In parallel, she was recruited as a “prompt engineer” in a large company in Sophia-Antipolis. “An astrology and psychic company. I didn’t know they had brought me in to fire people. They looked at me as the arrogant Parisian.” The experience ended badly. She left after a few months, but stayed on the Côte d’Azur. And chained short-term missions: at Palazzo, Venus Williams’ AI startup; Aivancity, as a teacher. She continued to write. Six to seven books a year. The Art of the Prompt for Dummies, First Steps with AI… Educational formats, but aimed at real autonomy: “I designed the last one for seniors, with mobile use, really concrete.”

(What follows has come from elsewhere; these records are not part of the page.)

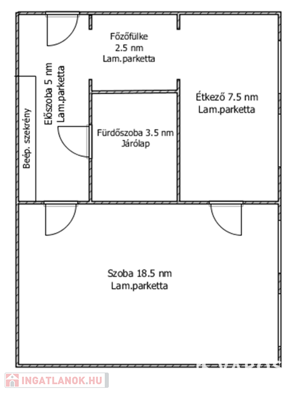 Helyiségei: 1 szoba, konyha, étkező, fürdőszoba, előszoba.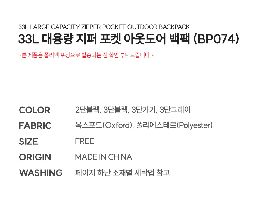 33L 대용량 지퍼 포켓 아웃도어 백팩 (BP074)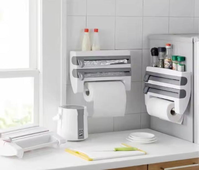 Keep your kitchen or bathroom neatly organized with this triple paper dispenser. Made from durable plastic, it features multiple slots for foil, cling film, and paper towels, with built-in cutters for easy tearing. Stylish in white with grey or beige accents, it’s a space-saving essential.

She also gives conferences for associations, institutions, and for Nathan, produces content for Gloria (diversity, inclusion, LGBT), teaches at TIHS Business School. A scattered economic model, but autonomous. She doesn’t complain: “I’m not a spender.” But she’s looking for permanent housing. “My landlord is selling, I have to leave.” She’s considering Cannes, maybe a return to local politics.
When asked about her favorite recent book, she mentions the latest to be published, First Steps with AI (First Editions): “The first that really speaks to beginners, seniors, those who don’t even have a computer.” When asked about her role models, to the question “who are the people who inspired you in your career?” She mentions notably her friendship with Cédric Villani, whom she describes as a faithful support in her personal projects, particularly that of a feature film. “One day when I was demotivated, he told me: ‘You’ll make it. If Emmanuel Macron managed to get elected, anything is possible.'”

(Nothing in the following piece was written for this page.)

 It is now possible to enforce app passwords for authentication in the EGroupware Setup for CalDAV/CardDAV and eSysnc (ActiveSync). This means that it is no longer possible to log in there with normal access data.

She claims the status of independent. Of survivor too. Her only novel, self-published, PRISMA, translated into four languages, exists only in paper format. “I don’t want AI to ingest it without my consent.” She cites an academic tool that allowed her to discover that ChatGPT for Dummies was ingested by models, without notification or compensation.
“I write. I teach. I transmit. But I’m lucid. I’m a bridge builder. Nothing else.” It’s this lucidity, raw and disenchanted, that creates the coherence of her journey. One could see a “discontinuous” path. One must read in it a rare ability to capture the right moment and speak correctly when technology overflows all landmarks.